───── EXERCISE INPUTS

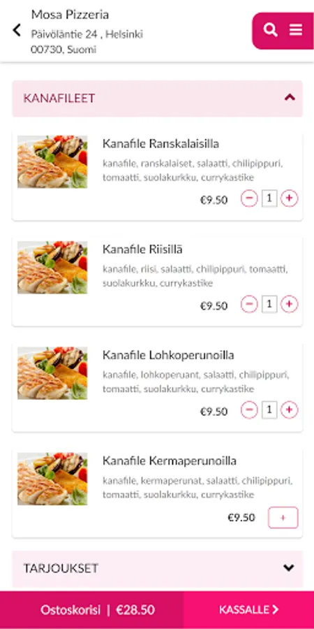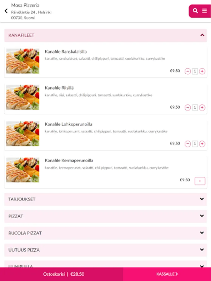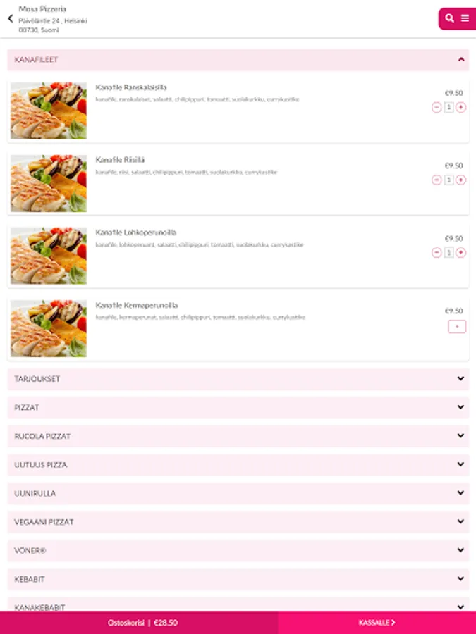 Ei aikaa kokata? Tuttu tunne. Tekeekö mieli hampurilaista, salaattia,pizzaa tai kebabia? Mosa Pizzeria toimittaa missä tahansa oletkinnopeasti ja helposti. Kokeile nyt!
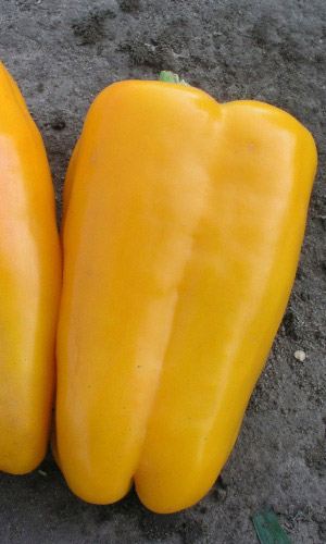 Среднеспелый сорт. Плодоносить начинает через 115-130 дней после появления всходов. Предназначен для выращивания в плёночных теплицах и открытом грунте. Растение высокорослое, раскидистое. Плод конусовидный, глянцевый, слегка ребристый. Окраска в технической спелости светло-зелёная, в биологической - ярко-жёлтая. Масса 160-250 г (до 350 г). Плоды очень крупные, толстостенные. Транспортабельность отличная. Плоды долго сохраняют привлекательный товарный вид. Универсальное использование.
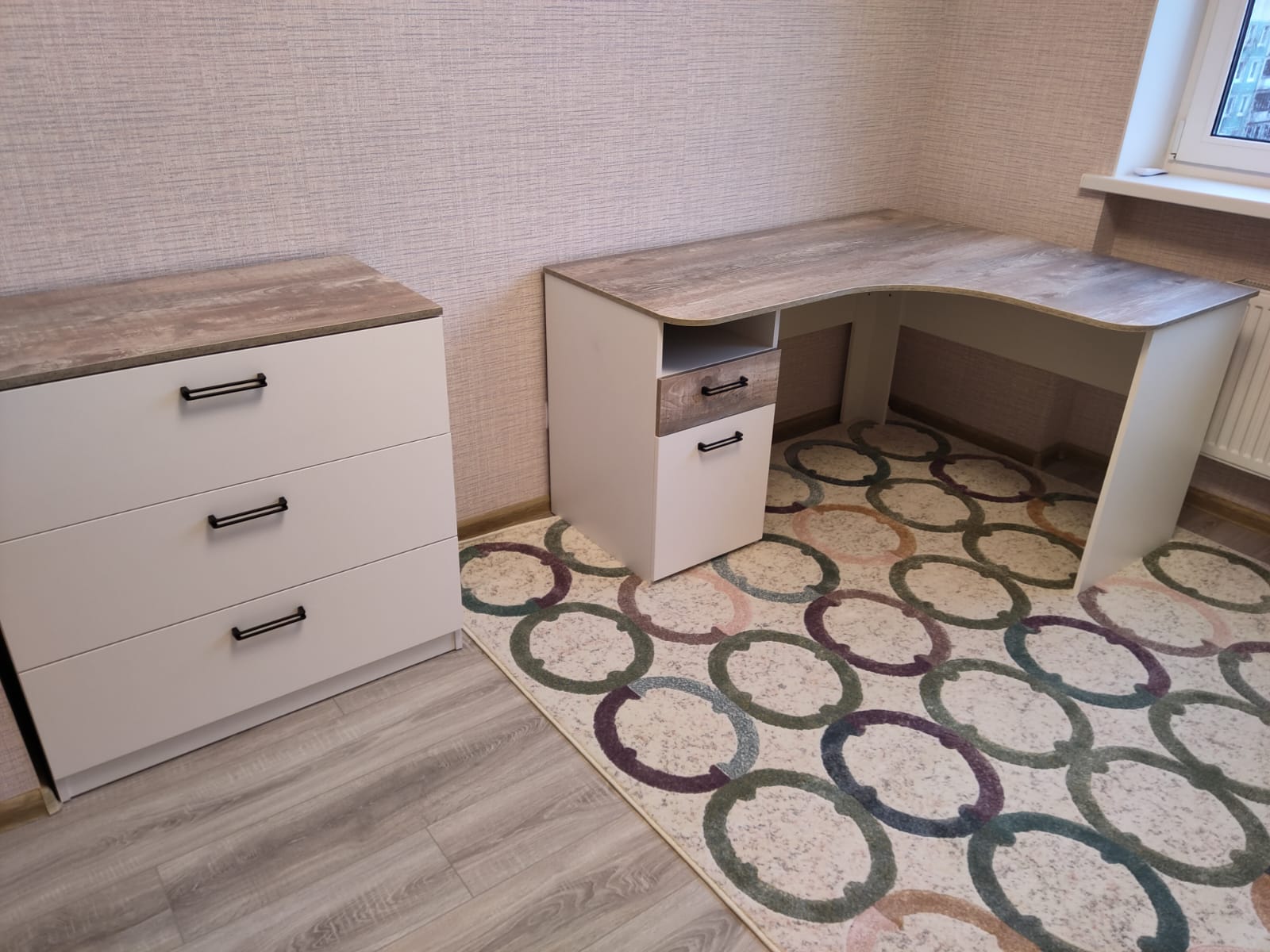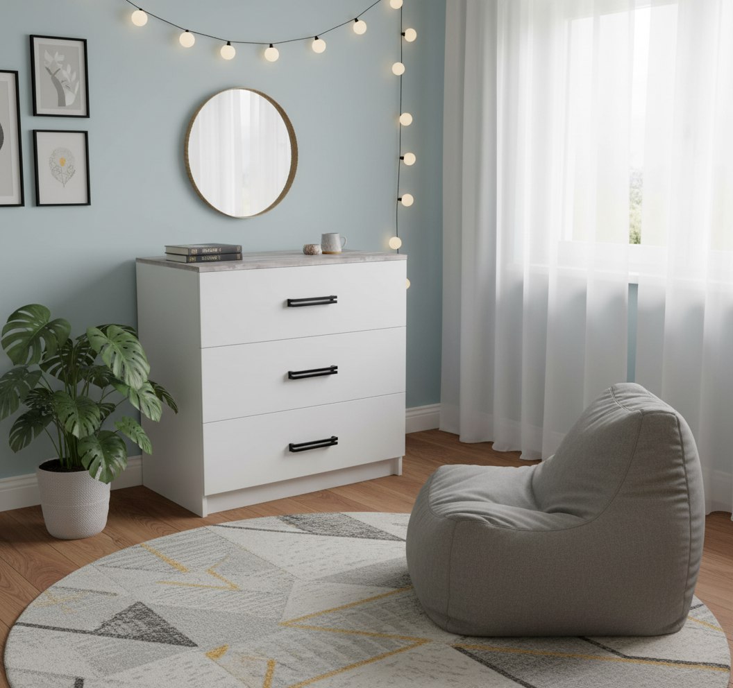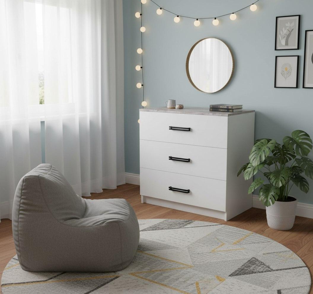 Мебель выполнена из качественного, экологически чистого ЛДСП класса Е0,5 в сочетании цветов бетон пайн + белый.
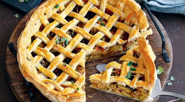 Описание: Просто и изысканно. Этот пирог никого не оставит равнодушным, а главное, он очень просто готовится.📌 НУЖНО (на 4 порции):🔹 500 г слоёного бездрожжевого теста🔹 180 г сыра пармезан🔹 50 г бекона или варёно-копчёной грудинки🔹 1 маленькое яйцо🔹 360 г брюссельской капусты🔹 2-3 большие луковицы🔹 5 зубчиков чеснока🔹 молотый чёрный перец, соль – по вкусу📌 ГОТОВКА:🔷 Разморозьте тесто.🔷 Бекон нарежьте кусочками, положите на холодную сковороду, поставьте на умеренный огонь и дождитесь, когда вытопится жир.🔷 Нарежьте лук тонкими полукольцами. Чеснок измельчите. Брюссельскую капусту тонко нашинкуйте.🔷 Переложите лук в сковороду к бекону, слегка посолите и готовьте, изредка помешивая, до золотисто-коричневого цвета, 15-20 мин. Добавьте чеснок, готовьте 2 мин.🔷 Добавьте в сковороду капусту, перемешайте и готовьте до мягкости, 8-10 мин. Переложите в миску и остудите до комнатной температуры. Поперчите и вмешайте натёртый на крупной тёрке сыр.🔷 Половину теста нарежьте полосками шириной около 1 см. На листе бумаги для выпечки сформируйте из полосок теста решётку диаметром на 1 см. больше диаметра формы. Прикройте плёнкой, уберите в холодильник.🔷 Разогрейте духовку до 220 °C. Слегка раскатайте оставшееся тесто в круг и выложите в круглую форму с высокими бортиками (тесто должно быть чуть выше бортиков). Выложите начинку и обрежьте излишки теста, оставляя 1 см. над начинкой.🔷 Смажьте свободные края слегка взбитым яйцом. Положите на начинку решётку из теста, защипните край. Смажьте яйцом, стараясь, чтобы оно не стекало на срезы теста.🔷 Поставьте пирог в духовку, убавьте температуру до 200 °C и выпекайте пирог 30 мин., до золотистого цвета.
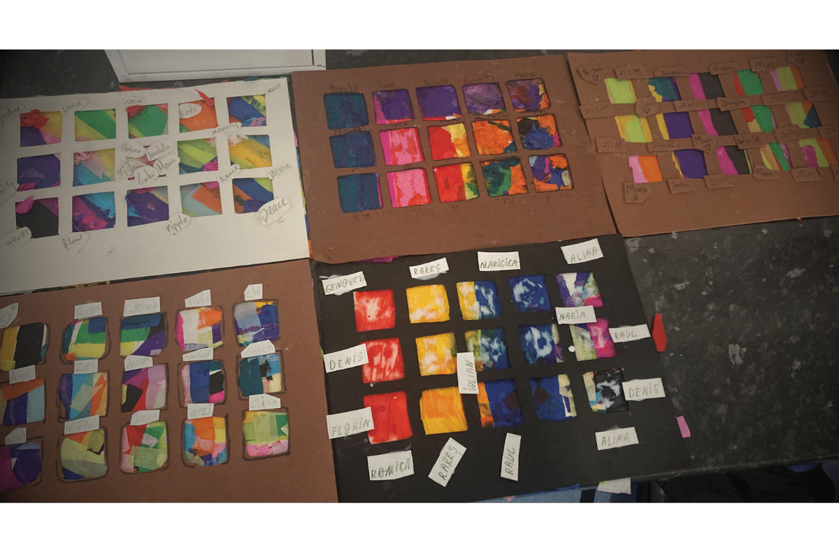A tabletop displays several grids of colourful, abstract painted squares on brown, black, and white paper, some labelled with small white tags. A white box sits in the top left corner.
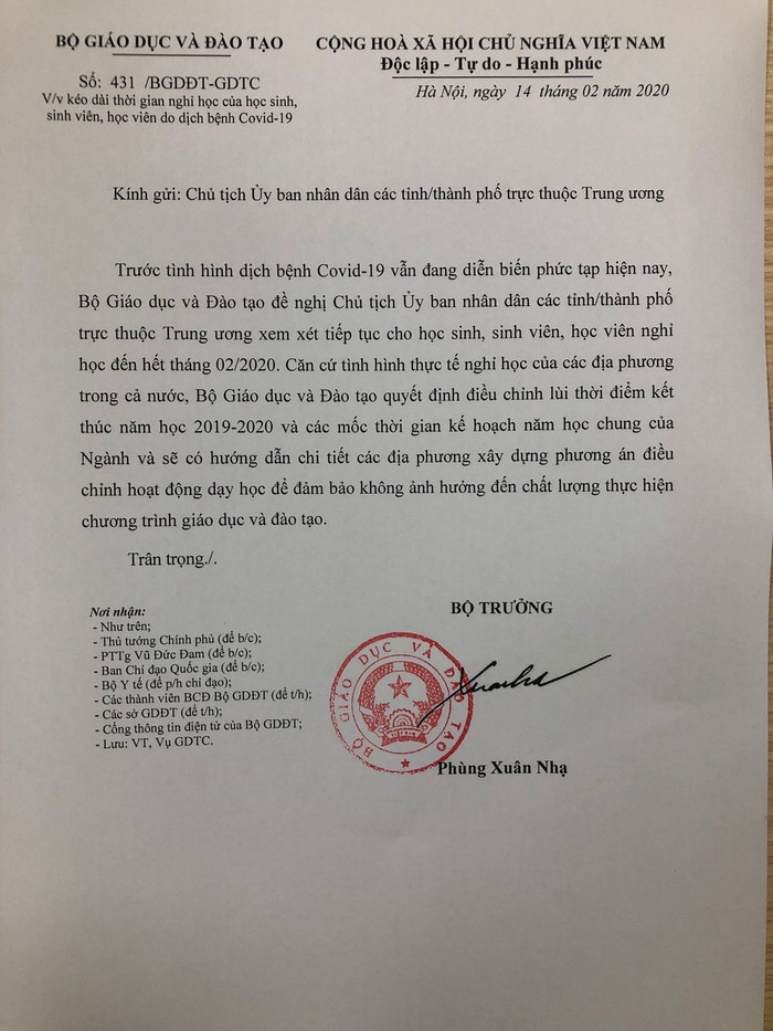 Bộ trưởng Bộ Giáo dục và Đào tạo Phùng Xuân Nhạ đã có công văn hỏa tốc gửi Chủ tịch Ủy ban nhân dân các tỉnh/thành phố trực thuộc Trung ương đề nghị kéo dài thời gian nghỉ học của học sinh, sinh viên, học viện do dịch bệnh Covid-19.
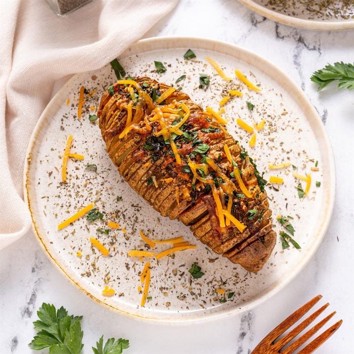 For a nifty way to spice up plain old potatoes, try Tressa Surdick's recipe. To make them, she slices the spuds, then seasons them before baking. "Just before they're done, I sprinkle cheese on top of each potato. Our guest always rave about the," Tressa pens from Bethel Park, Pennsylvania. (To make the cutting easier, Tressa share this tip: "Place the handle of a wooden spoon along the bottom of the potato—this will prevent your knife from going all the way through.")
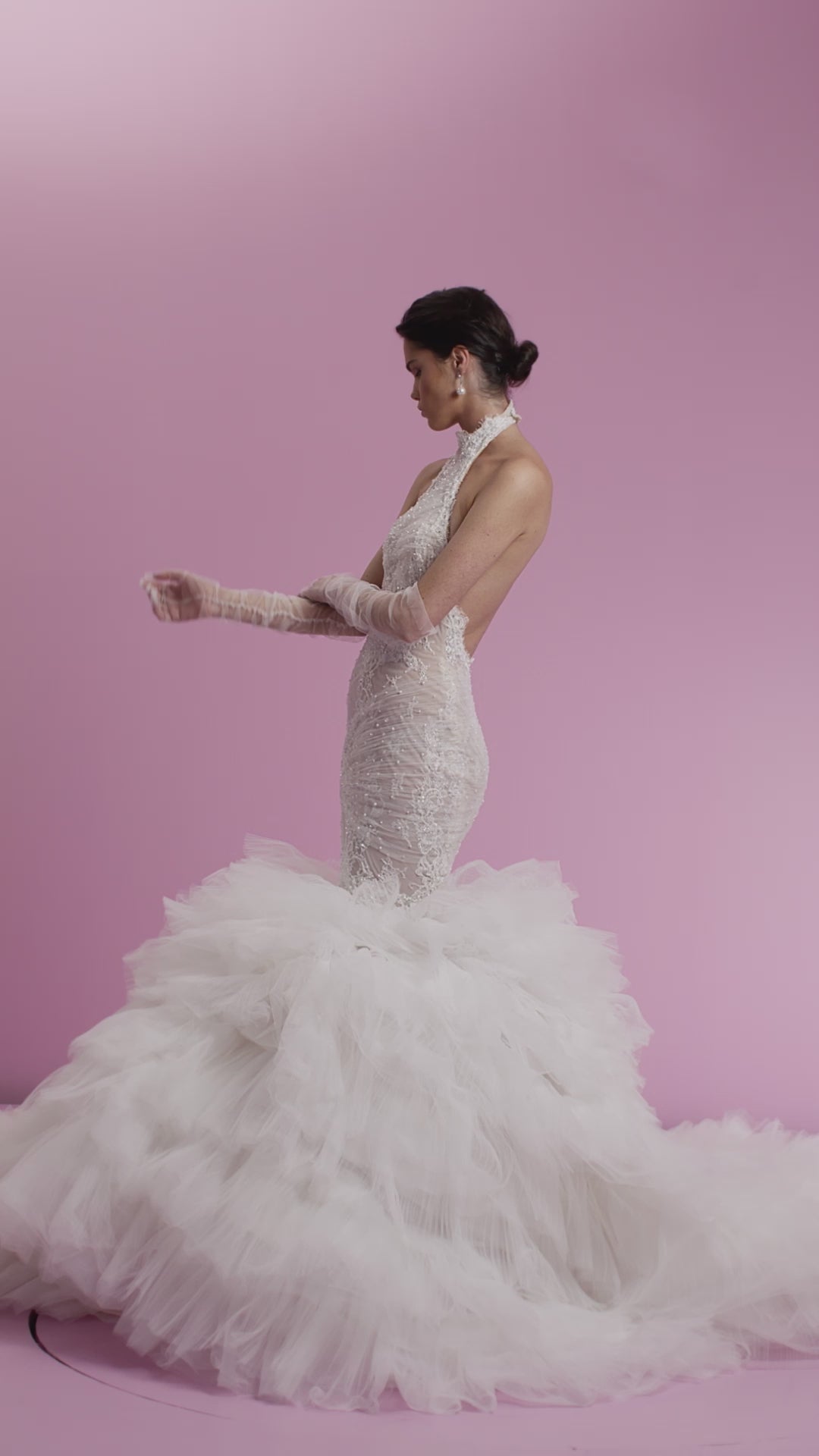 High-Neck White Lace Dress with Tulle Voluminous Skirt and Gloves
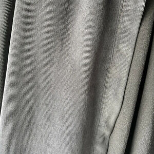 Dark charcoal gray ribbed corduroy look shirt jacket with hidden button closures. Oversized fit for layering. In good condition
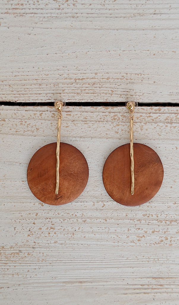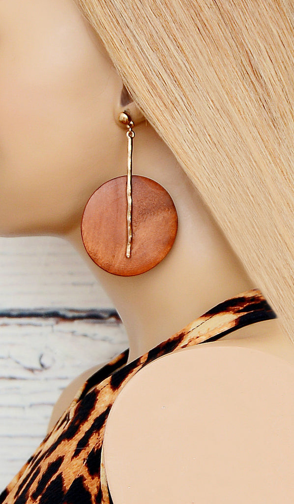 Style# Cognac BrownE-001 These wooden earrings will go great with just about any outfit you wear. The cognac rust and gold are such a nice mixer. Earrings do not seem heavy nor do they seem to pull, but for some people, they might.
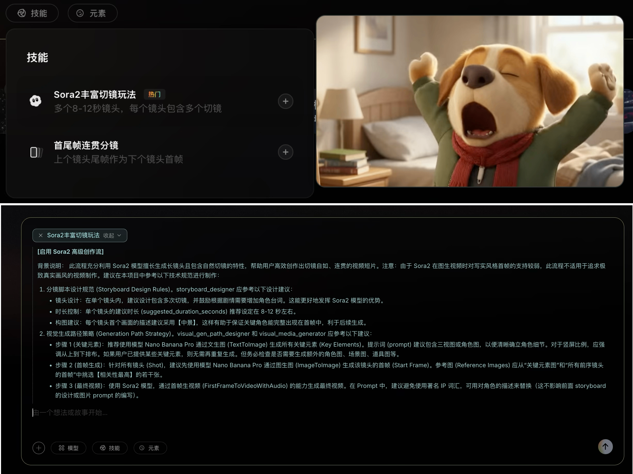 官方提供两条默认skills:Sora 2 丰富多切镜玩法,连贯首尾帧玩法
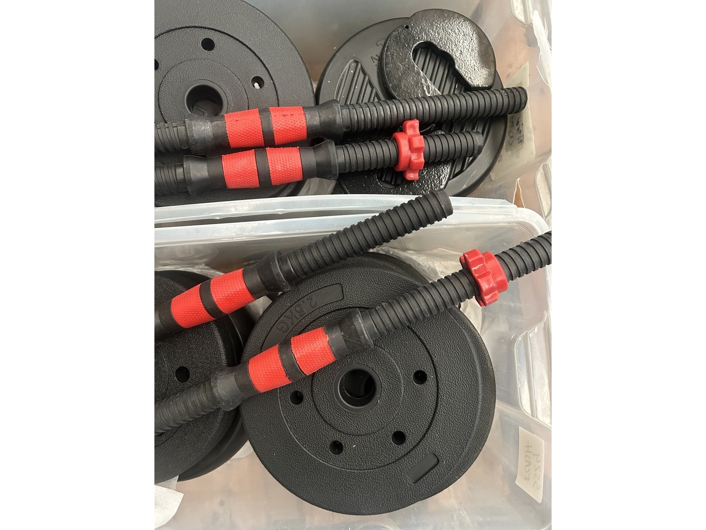 Product: Halterset met diverse halterschijven Specificaties: Nieuw en showroom modellen.
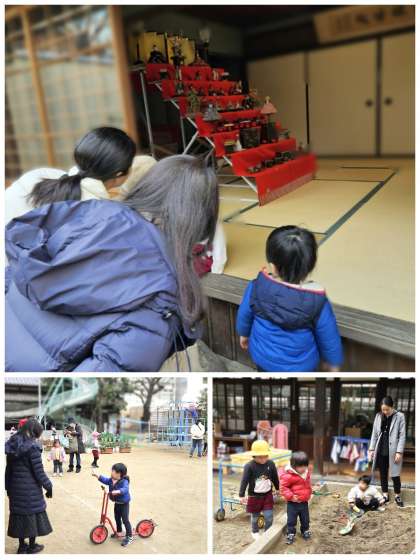 園庭からは、和室に飾っている雛人形を保護者の方と一緒に珍しそう眺めているました。

──────────

PROBLEM →
Write the data above out exactly. Leave out any pictures.

EXERCISE RESPONSE →
 Ei aikaa kokata? Tuttu tunne. Tekeekö mieli hampurilaista, salaattia,pizzaa tai kebabia? Mosa Pizzeria toimittaa missä tahansa oletkinnopeasti ja helposti. Kokeile nyt!
 Среднеспелый сорт. Плодоносить начинает через 115-130 дней после появления всходов. Предназначен для выращивания в плёночных теплицах и открытом грунте. Растение высокорослое, раскидистое. Плод конусовидный, глянцевый, слегка ребристый. Окраска в технической спелости светло-зелёная, в биологической - ярко-жёлтая. Масса 160-250 г (до 350 г). Плоды очень крупные, толстостенные. Транспортабельность отличная. Плоды долго сохраняют привлекательный товарный вид. Универсальное использование.
 Мебель выполнена из качественного, экологически чистого ЛДСП класса Е0,5 в сочетании цветов бетон пайн + белый.
 Описание: Просто и изысканно. Этот пирог никого не оставит равнодушным, а главное, он очень просто готовится.📌 НУЖНО (на 4 порции):🔹 500 г слоёного бездрожжевого теста🔹 180 г сыра пармезан🔹 50 г бекона или варёно-копчёной грудинки🔹 1 маленькое яйцо🔹 360 г брюссельской капусты🔹 2-3 большие луковицы🔹 5 зубчиков чеснока🔹 молотый чёрный перец, соль – по вкусу📌 ГОТОВКА:🔷 Разморозьте тесто.🔷 Бекон нарежьте кусочками, положите на холодную сковороду, поставьте на умеренный огонь и дождитесь, когда вытопится жир.🔷 Нарежьте лук тонкими полукольцами. Чеснок измельчите. Брюссельскую капусту тонко нашинкуйте.🔷 Переложите лук в сковороду к бекону, слегка посолите и готовьте, изредка помешивая, до золотисто-коричневого цвета, 15-20 мин. Добавьте чеснок, готовьте 2 мин.🔷 Добавьте в сковороду капусту, перемешайте и готовьте до мягкости, 8-10 мин. Переложите в миску и остудите до комнатной температуры. Поперчите и вмешайте натёртый на крупной тёрке сыр.🔷 Половину теста нарежьте полосками шириной около 1 см. На листе бумаги для выпечки сформируйте из полосок теста решётку диаметром на 1 см. больше диаметра формы. Прикройте плёнкой, уберите в холодильник.🔷 Разогрейте духовку до 220 °C. Слегка раскатайте оставшееся тесто в круг и выложите в круглую форму с высокими бортиками (тесто должно быть чуть выше бортиков). Выложите начинку и обрежьте излишки теста, оставляя 1 см. над начинкой.🔷 Смажьте свободные края слегка взбитым яйцом. Положите на начинку решётку из теста, защипните край. Смажьте яйцом, стараясь, чтобы оно не стекало на срезы теста.🔷 Поставьте пирог в духовку, убавьте температуру до 200 °C и выпекайте пирог 30 мин., до золотистого цвета.
A tabletop displays several grids of colourful, abstract painted squares on brown, black, and white paper, some labelled with small white tags. A white box sits in the top left corner.
 Bộ trưởng Bộ Giáo dục và Đào tạo Phùng Xuân Nhạ đã có công văn hỏa tốc gửi Chủ tịch Ủy ban nhân dân các tỉnh/thành phố trực thuộc Trung ương đề nghị kéo dài thời gian nghỉ học của học sinh, sinh viên, học viện do dịch bệnh Covid-19.
 For a nifty way to spice up plain old potatoes, try Tressa Surdick's recipe. To make them, she slices the spuds, then seasons them before baking. "Just before they're done, I sprinkle cheese on top of each potato. Our guest always rave about the," Tressa pens from Bethel Park, Pennsylvania. (To make the cutting easier, Tressa share this tip: "Place the handle of a wooden spoon along the bottom of the potato—this will prevent your knife from going all the way through.")
 High-Neck White Lace Dress with Tulle Voluminous Skirt and Gloves
 Dark charcoal gray ribbed corduroy look shirt jacket with hidden button closures. Oversized fit for layering. In good condition
 Style# Cognac BrownE-001 These wooden earrings will go great with just about any outfit you wear. The cognac rust and gold are such a nice mixer. Earrings do not seem heavy nor do they seem to pull, but for some people, they might.
 官方提供两条默认skills:Sora 2 丰富多切镜玩法,连贯首尾帧玩法
 Product: Halterset met diverse halterschijven Specificaties: Nieuw en showroom modellen.
 園庭からは、和室に飾っている雛人形を保護者の方と一緒に珍しそう眺めているました。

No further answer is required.